Оставляю машину на  платной стоянке. Прогулка пешком помогает привыкнуть к людям и вспомнить, как вести себя так, чтобы не выделяться из толпы. Инстинкт ведет меня по темному переулку, я люблю передвигаться там, где темно, чтобы не «засветиться» на центральной улице, огни современного города слишком навязчивы.

Всхлип, доносившийся с верхних этажей, побуждает поднять голову. Дамочка рыдает, открыв окно настежь. Я приглядываюсь, ее лицо кажется мне знакомым. Впрочем этого не может быть, в противном случае она была бы мертва.
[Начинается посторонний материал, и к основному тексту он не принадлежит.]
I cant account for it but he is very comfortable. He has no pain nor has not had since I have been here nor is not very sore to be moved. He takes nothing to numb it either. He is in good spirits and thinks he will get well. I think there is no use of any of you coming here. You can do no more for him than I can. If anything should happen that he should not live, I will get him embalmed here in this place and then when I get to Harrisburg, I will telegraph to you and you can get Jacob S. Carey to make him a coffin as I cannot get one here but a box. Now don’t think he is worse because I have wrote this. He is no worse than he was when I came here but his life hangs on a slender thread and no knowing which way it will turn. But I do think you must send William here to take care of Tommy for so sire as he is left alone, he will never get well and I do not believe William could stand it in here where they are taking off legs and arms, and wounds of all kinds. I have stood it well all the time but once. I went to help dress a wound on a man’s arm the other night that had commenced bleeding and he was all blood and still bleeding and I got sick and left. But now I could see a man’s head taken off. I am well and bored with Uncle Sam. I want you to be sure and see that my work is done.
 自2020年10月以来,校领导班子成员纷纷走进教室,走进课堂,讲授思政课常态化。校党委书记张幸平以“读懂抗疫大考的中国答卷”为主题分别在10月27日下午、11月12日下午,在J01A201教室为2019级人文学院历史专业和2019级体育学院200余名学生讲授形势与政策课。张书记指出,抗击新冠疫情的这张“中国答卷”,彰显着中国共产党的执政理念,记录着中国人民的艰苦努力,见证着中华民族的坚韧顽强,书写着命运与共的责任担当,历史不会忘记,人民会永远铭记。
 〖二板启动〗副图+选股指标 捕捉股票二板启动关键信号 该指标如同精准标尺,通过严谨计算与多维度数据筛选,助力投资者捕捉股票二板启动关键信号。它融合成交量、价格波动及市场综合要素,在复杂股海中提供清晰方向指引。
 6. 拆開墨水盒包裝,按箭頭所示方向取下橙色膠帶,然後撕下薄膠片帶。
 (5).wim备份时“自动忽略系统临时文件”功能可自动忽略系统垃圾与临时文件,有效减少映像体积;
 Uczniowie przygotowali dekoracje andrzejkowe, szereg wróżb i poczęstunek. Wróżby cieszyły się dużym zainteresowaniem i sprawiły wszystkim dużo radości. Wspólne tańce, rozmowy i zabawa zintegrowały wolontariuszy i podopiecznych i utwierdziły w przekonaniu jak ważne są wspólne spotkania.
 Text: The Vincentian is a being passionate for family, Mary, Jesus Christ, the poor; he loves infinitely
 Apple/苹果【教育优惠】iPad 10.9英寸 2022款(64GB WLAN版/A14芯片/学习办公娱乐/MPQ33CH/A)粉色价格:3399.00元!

И она какая-то серая.. . Не люблю серость, брюнетки или блондинки, и никаких полутонов. Я поспешно перехожу на другую сторону улицы и удаляюсь, плакса вызывает у меня брезгливость и досаду.

…Хозяин клуба сделал все, чтобы мимо заведения было сложно пройти, не оглянувшись. Местечко явно второго сорта зазывает огнями и манит громкой музыкой при каждом открытии дверей, крепкотелый охранник услужливо пропускает меня, что уж тут скажешь, я внушаю страх и почтение, что есть  — то есть. Отлично, гастроном открыт, девочки расположились на прилавках, а я прохаживаюсь по танцполу, как в магазине самообслуживания, и выбираю подходящий товар. Не то что бы выбрать не из чего, но я предпочитаю кровь с минимальным содержанием алкоголя, а такую днем с огнем…
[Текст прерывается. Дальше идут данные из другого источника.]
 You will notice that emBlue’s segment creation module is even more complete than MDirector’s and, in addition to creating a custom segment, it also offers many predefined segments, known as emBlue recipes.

Я рад сменить привычный костюм на джинсовое отрепье, однако я все равно привлекаю внимание. Это даже хорошо. Миниатюрная брюнетка белозубо улыбается мне, двигая полуобнаженным телом в такт танцевальной музыке. Она явно не прочь… но – нет. Алкоголь и наркотики вместе – ф-фу. Знала бы дамочка какую вонь источает ее кровь в этом случае. Меня улыбнула дикая мысль предоставить ей возможность узнать, но жажда напомнила, что сейчас не было времени для баловства. Пора делать серьезные вещи.
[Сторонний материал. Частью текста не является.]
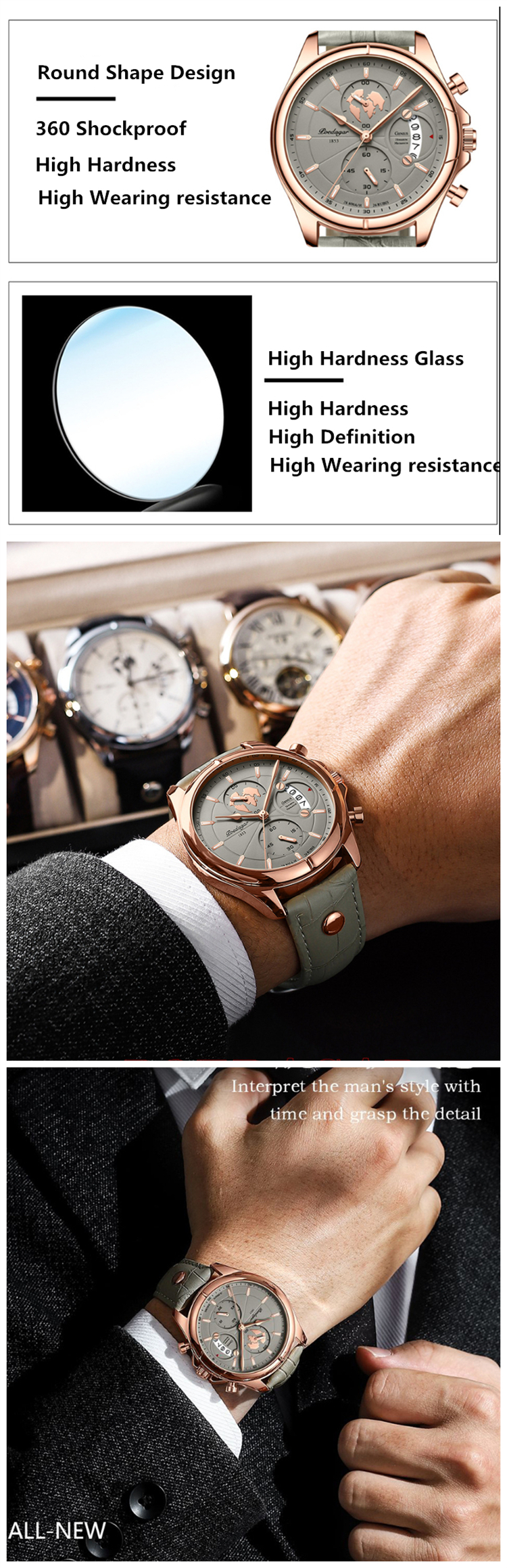 | Feature | chronograph, Day/Date, water resistant, Luminous |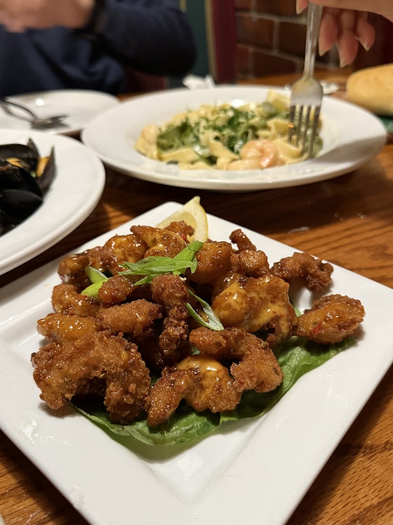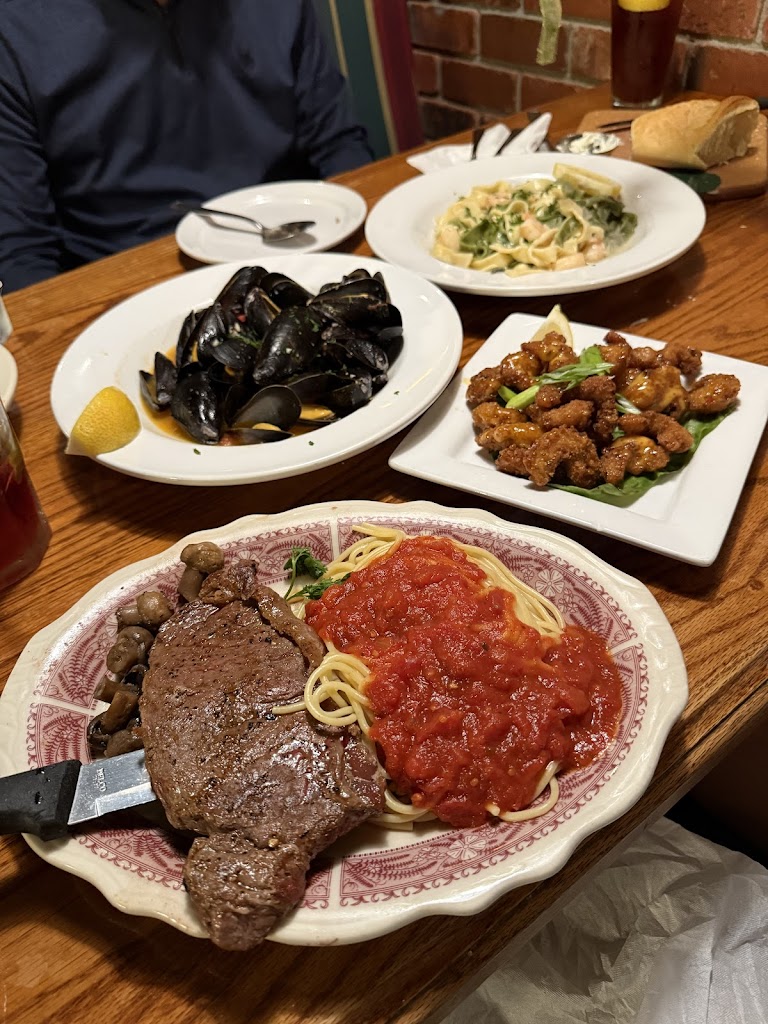 Holy moly!!! It was delicious, the options were ample and amazing. I highly recommend the green salad with house Italian dressing, or the spinach salad or well pretty much anything. The majority of the meals come with an option of soup, salad and bread sticks... and you get dessert! So much food, everything was cooked to perfection. Our server was wonderful and very attentive! The hostess definitely could have been friendlier.. but otherwise the best experience! Also, I definitely recommend over the olive garden.. Vegetarian options: There were tons of options! Dietary restrictions: I have a shellfish allergy and they were very accommodating. There were whole wheat options on the past and they were very receptive to alterations or needs on dishes! Kid-friendliness: The kids menu was extensive and they came with soup or salad, ice cream and a drink...for less than $10 (price ranged depending on what you ordered!) I highly recommend it!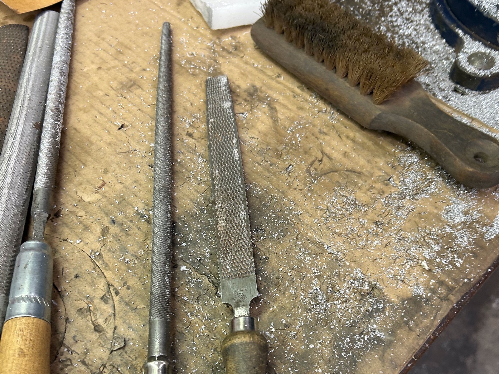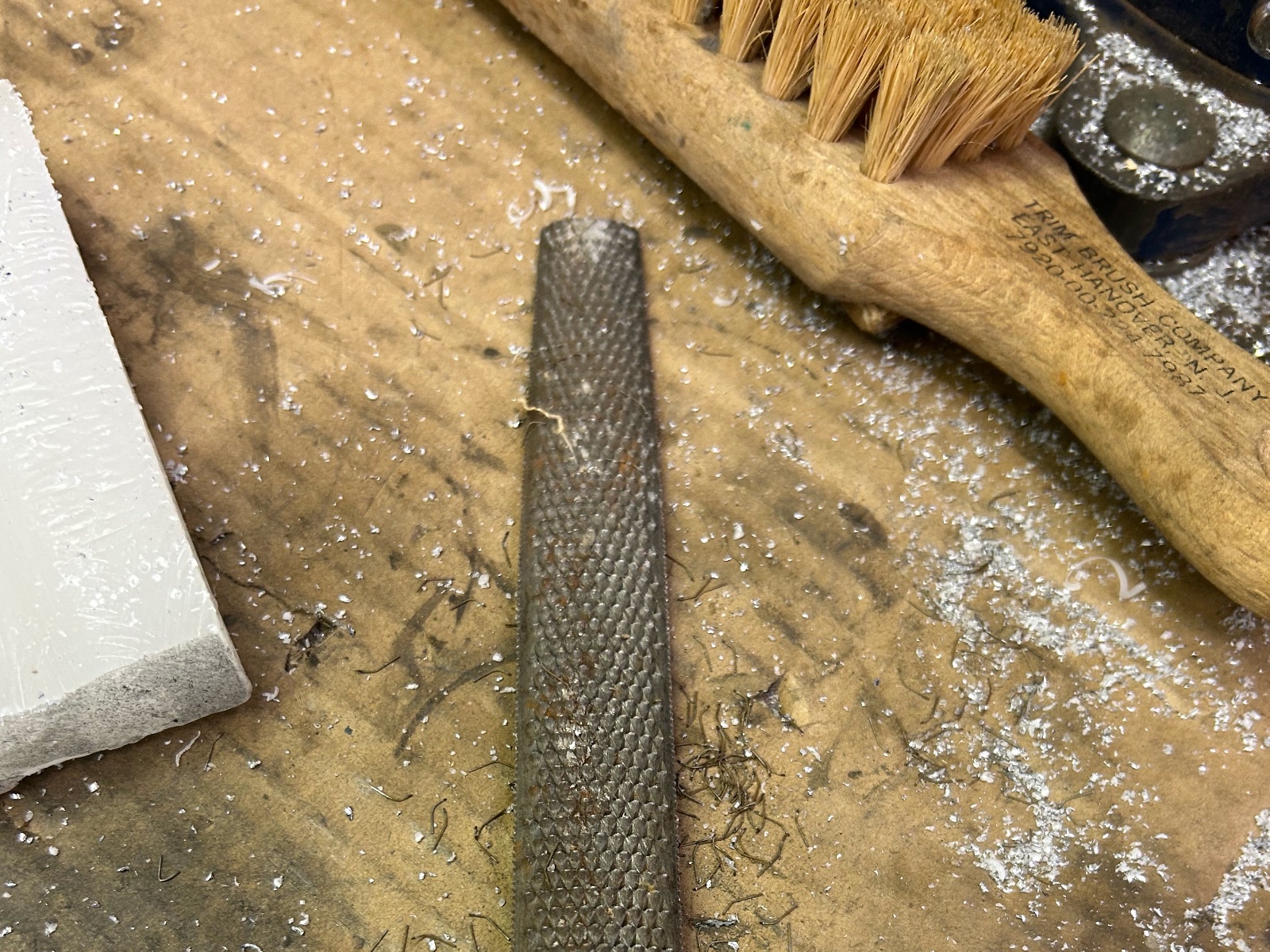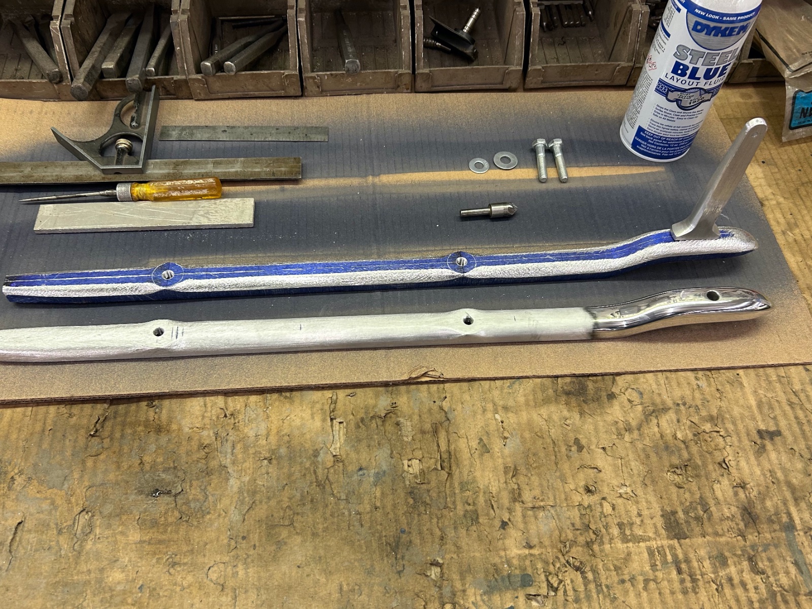 The key in a good job is quality material, T6061 billet, good files and rasp. When ever you are working any soft material use canners wax by means of rubbing your file. They never plug and clean up easy. Watch your pressure when cutting on the strokes. I use lay out dye for a good contrast.

Меня привлекает длинноногая блондинка. Она танцует  у шеста, то приникнув к нему, то отойдя и как бы разглядывая в своих руках, кружится и счастливо хохочет каждый раз когда ей удается вытворить  с податливым хромированным партнером что-нибудь эдакое. Ее танец походит на эротическую фантазию. Прямые  средней длины волосы падают на лицо и  хозяйка не спешит их смахивать,  они тоже двигались под музыку, поглотившую  все ее существо, помогая ей и делая еще сексуальней. То, что надо. Я предлагаю угостить ее коктейлем, она отказывается, но говорит, что любит игристое вино. Зазываю ей первое попавшееся на глаза Асти в баре и прошу завернуть бутылочку с собой. Итальянские вина имеют наиболее удобоваримый запах, хотя на вкус такая же дрянь, как и все, что употребляют люди. Моя вторая жизнь началась в Вене, в конце восемнадцатого века, по моим подсчетам,  это случилось в декабре 1791г., но я не люблю современную Австрию, а почему-то тяготею ко всему итальянскому.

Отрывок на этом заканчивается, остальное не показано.